• _ACTIVITY_
Only one span of the material below is wanted. Output it exactly, from the line with "Part VI: Read" through the line with "В упражнението „Да", without any pictures.

• _GIVEN ENTRIES_
Segment Open
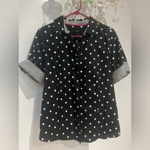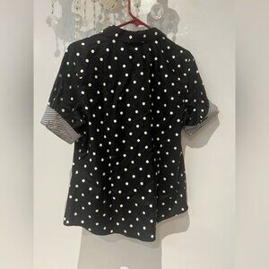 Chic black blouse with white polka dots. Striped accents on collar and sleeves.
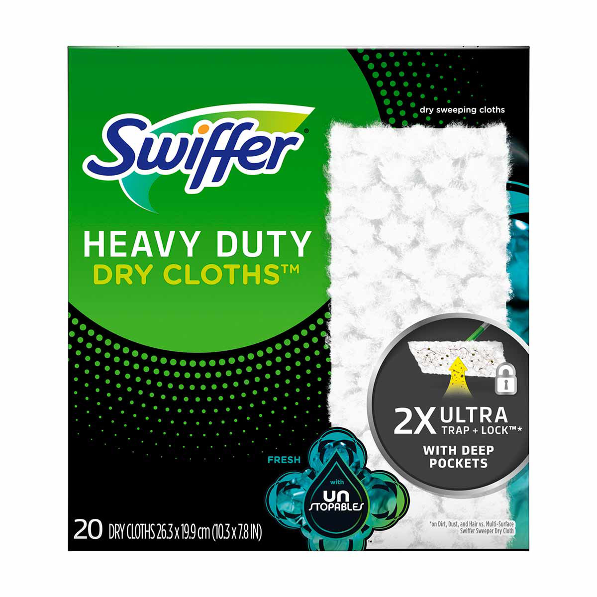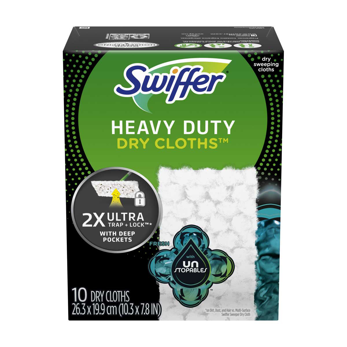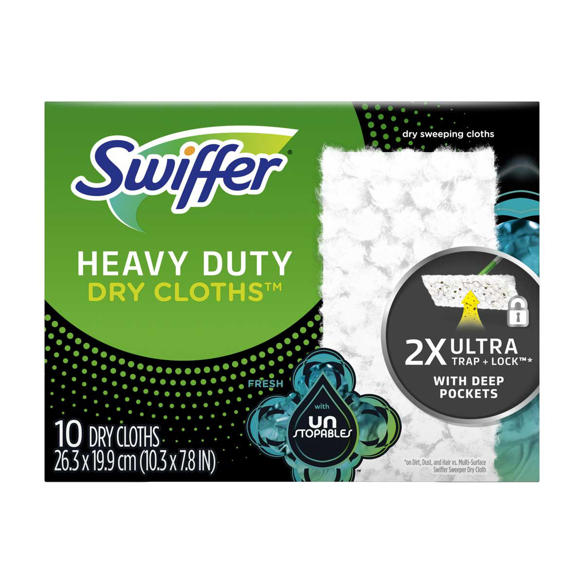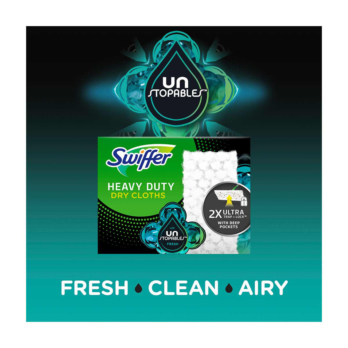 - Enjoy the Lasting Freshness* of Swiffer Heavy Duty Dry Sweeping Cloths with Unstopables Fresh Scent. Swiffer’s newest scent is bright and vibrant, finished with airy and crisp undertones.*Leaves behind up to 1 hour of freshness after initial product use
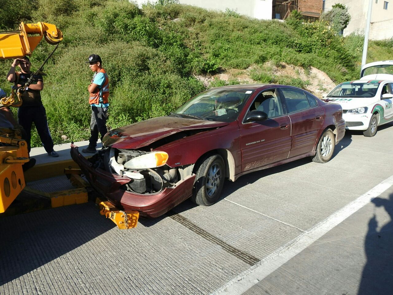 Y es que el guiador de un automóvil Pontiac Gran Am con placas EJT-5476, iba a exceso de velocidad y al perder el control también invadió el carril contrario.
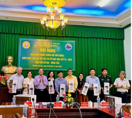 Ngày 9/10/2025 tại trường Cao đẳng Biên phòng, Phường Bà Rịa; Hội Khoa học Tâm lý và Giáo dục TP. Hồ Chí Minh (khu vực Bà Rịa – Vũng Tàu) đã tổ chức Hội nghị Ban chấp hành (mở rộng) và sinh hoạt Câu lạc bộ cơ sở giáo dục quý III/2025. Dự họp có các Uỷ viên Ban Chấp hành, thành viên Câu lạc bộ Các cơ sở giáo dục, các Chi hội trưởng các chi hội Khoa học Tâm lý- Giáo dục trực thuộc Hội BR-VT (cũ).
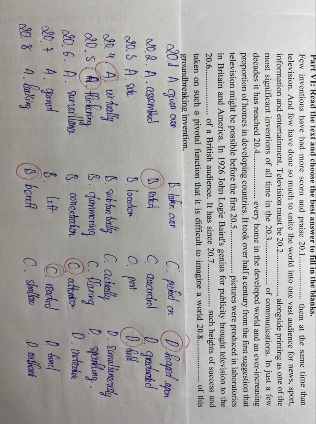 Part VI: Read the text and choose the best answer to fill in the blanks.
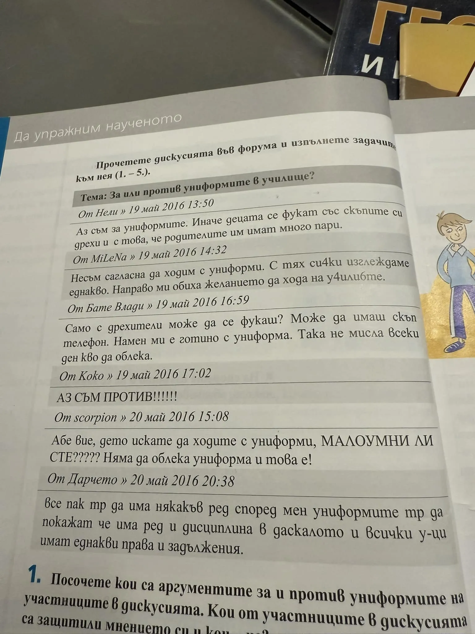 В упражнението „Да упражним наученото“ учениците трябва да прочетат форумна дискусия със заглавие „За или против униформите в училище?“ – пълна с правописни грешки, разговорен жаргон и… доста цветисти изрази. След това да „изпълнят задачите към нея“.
Segment Closed
Segment Open
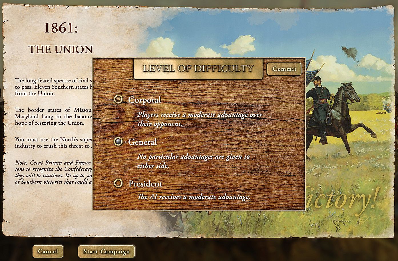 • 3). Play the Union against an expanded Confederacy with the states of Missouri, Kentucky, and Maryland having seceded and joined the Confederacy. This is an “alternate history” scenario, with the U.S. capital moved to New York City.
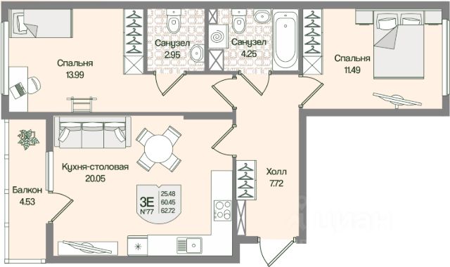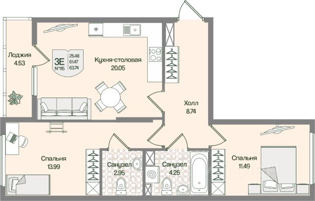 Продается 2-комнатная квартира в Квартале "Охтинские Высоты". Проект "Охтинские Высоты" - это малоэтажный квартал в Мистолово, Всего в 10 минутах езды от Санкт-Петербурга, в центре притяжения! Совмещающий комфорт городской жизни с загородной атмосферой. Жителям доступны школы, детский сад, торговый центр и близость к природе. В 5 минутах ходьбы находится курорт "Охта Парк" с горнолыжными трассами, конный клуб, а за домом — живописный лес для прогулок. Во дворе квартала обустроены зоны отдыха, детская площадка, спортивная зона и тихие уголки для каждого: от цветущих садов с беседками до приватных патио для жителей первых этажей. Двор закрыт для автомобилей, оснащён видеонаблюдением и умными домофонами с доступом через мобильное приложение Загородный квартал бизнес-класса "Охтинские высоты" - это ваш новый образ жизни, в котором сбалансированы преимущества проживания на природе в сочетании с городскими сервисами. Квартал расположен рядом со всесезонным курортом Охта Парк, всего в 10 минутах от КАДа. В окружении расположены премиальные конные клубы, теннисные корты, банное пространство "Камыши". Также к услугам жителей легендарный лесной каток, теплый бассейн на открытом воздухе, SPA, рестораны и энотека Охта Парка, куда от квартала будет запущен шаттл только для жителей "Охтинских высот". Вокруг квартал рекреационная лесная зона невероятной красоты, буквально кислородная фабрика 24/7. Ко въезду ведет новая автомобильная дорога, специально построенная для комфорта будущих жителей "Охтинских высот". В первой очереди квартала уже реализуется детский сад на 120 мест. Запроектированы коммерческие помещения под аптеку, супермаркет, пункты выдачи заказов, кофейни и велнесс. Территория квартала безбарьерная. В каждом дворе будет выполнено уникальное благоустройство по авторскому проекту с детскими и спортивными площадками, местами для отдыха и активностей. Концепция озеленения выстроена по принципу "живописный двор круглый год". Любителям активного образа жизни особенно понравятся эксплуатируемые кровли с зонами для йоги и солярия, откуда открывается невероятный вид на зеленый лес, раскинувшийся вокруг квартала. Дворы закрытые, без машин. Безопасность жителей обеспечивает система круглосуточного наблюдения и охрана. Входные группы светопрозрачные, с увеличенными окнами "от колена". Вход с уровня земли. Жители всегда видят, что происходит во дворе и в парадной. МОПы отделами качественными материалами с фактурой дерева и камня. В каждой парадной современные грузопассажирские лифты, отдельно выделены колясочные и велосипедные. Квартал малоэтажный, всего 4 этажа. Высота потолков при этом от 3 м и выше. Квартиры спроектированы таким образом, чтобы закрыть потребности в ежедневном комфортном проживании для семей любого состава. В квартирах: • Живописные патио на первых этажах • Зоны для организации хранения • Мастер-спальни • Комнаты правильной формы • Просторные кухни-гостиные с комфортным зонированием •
Segment Closed
• _SOLUTION_
 Part VI: Read the text and choose the best answer to fill in the blanks.
 В упражнението „Да упражним наученото“ учениците трябва да прочетат форумна дискусия със заглавие „За или против униформите в училище?“ – пълна с правописни грешки, разговорен жаргон и… доста цветисти изрази. След това да „изпълнят задачите към нея“.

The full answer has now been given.